-- Opening Marker --

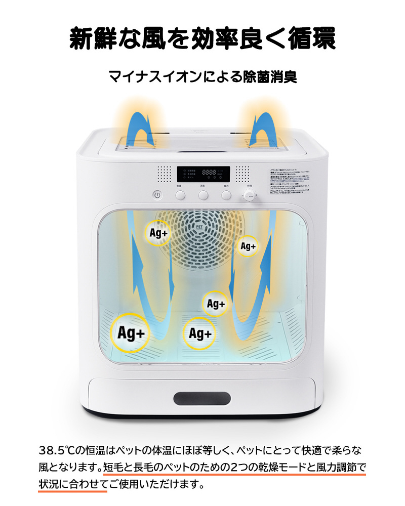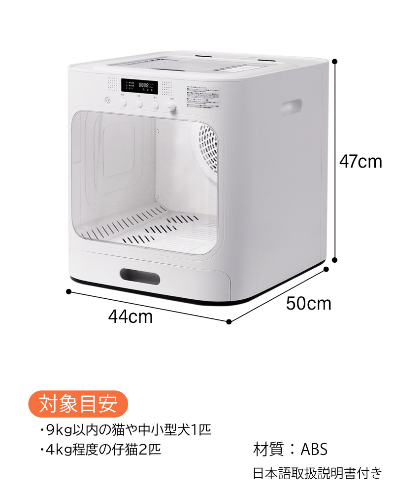 ※猫に慣れてもらう為、ドライルームご入後にまずは10〜20分設定でお試しください。その後ペットの反応を見て時間や風を調整してください
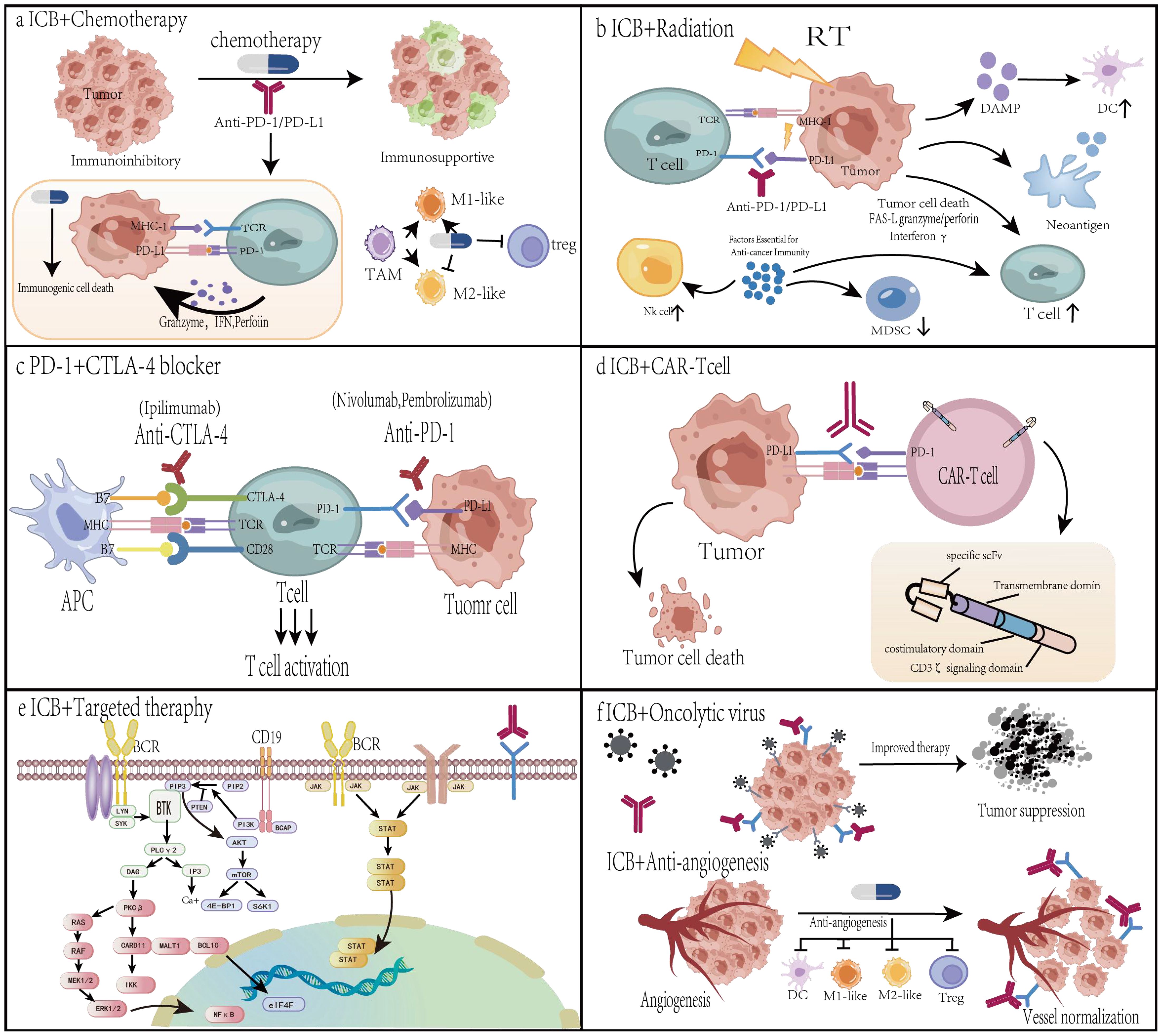 Figure 2. The mechanisms behind the synergistic anticancer effects of PD-1/PD-L1 in conjunction with chemotherapy, radiation, or angiogenesis inhibitors. (a) Combined with chemotherapy. Some cytotoxic chemotherapy drugs can cause immunogenic cell death and boost anti-tumor immunity. Immunogenic cell death is distinguished by a number of up-regulated damage-associated molecular patterns (DAMPs). I addition to immunogenic cell death, low-dose chemotherapy depletes regulatory T cells (Tregs) and promotes repolarization of tumor-associated macrophages (TAMs) from M2 to M1 phenotypes. (b) Radiotherapy enhances the effectiveness of α-PD-1/PD-L1 treatment. First, radiation causes immunogenic cell death, boosts anti-tumor immune responses, encourages T-cell infiltration, and increases the T-cell receptor (TCR) pool in the tumor microenvironment. Radiotherapy increases the expression of PD-L1 on tumor cells, which can be used to target more α-PD-1/PD-L1. (c) Combination therapy with PD-1 and CTLA-4 blockers. Antibodies against PD-1/PD-L1 and CTLA-4 can inhibit their activation, respectively. A combination of PD-1 and CTLA-4 inhibitors may have a synergistic impact. (d) Combination with CAR-T. Collection of blood and isolation of leukocytes via leukapheresis, genetic alteration of T cells, multiplication of the resulting modified CAR-T cells, injection of CAR-T cells, and mAb inhibition of inhibitory signaling pathways to improve therapeutic efficacy. (e) In combination with targeted therapy. Oncogenic pathways, such as MAPK and PI3K-AKT, stimulate PD-L1 transcription. Targeted therapies such as EGFR-TKI, ALK-TKI, and RAS inhibitors not only directly limit tumor growth but also lower intrinsic PD-L1 levels. (f) In conjunction with oncolytic viruses or angiogenesis inhibitors. When infected with oncolytic viruses, tumor cells launch an antiviral response by generating antiviral cytokines. Lysis of tumor cells results in the release of viral progeny, damage-associated molecular patterns, pathogen-associated molecular patterns, and tumor-associated antigens. Viral offspring infect more tumor cells. Angiogenesis inhibitors suppress pro-angiogenic pathways, promote vascular normalization, increase tumor perfusion and oxygenation, treat hypoxic TME, and improve medication delivery.
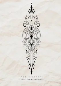 Marjorianne est très douce et à l'écoute, elle à réaliser le dessin devant moi tout en me questionnant sur mes goûts et envie. Hâte que son œuvre se retrouve sur ma peau.
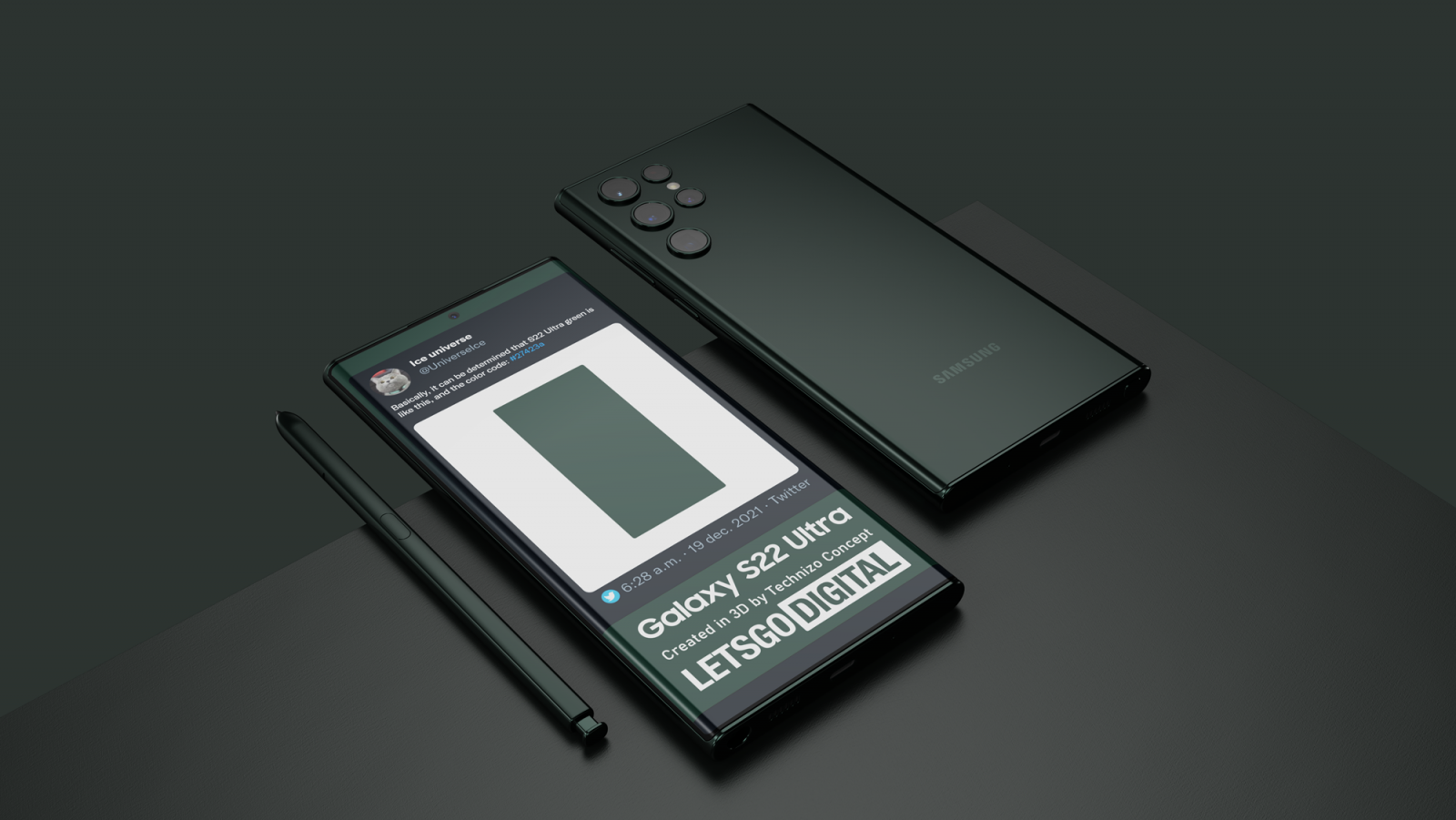 Seria de smartphone-uri Samsung Galaxy S22 continuă să bifeze leak-uri în mediul online, iar astăzi apare o veste proaspătă referitoare la variantele de culoare în care va sosi modelul Ultra/Note. Dacă în materialul anterior eram informați că acest model va sosi pe roșu, negru sau alb, iată că acum apare în peisaj o nouă nuanță, una elegantă și având codul de culoare #27423a, potrivit celebrului zvonac Universe Ice.

-- Closing Marker --

- [Exercise brief]
Your task is to restate word for word the lines from the line holding "Marjorianne est très" through the final line of the listing, both included, but none of the pictures.

- [Response to the exercise]
 Marjorianne est très douce et à l'écoute, elle à réaliser le dessin devant moi tout en me questionnant sur mes goûts et envie. Hâte que son œuvre se retrouve sur ma peau.
 Seria de smartphone-uri Samsung Galaxy S22 continuă să bifeze leak-uri în mediul online, iar astăzi apare o veste proaspătă referitoare la variantele de culoare în care va sosi modelul Ultra/Note. Dacă în materialul anterior eram informați că acest model va sosi pe roșu, negru sau alb, iată că acum apare în peisaj o nouă nuanță, una elegantă și având codul de culoare #27423a, potrivit celebrului zvonac Universe Ice.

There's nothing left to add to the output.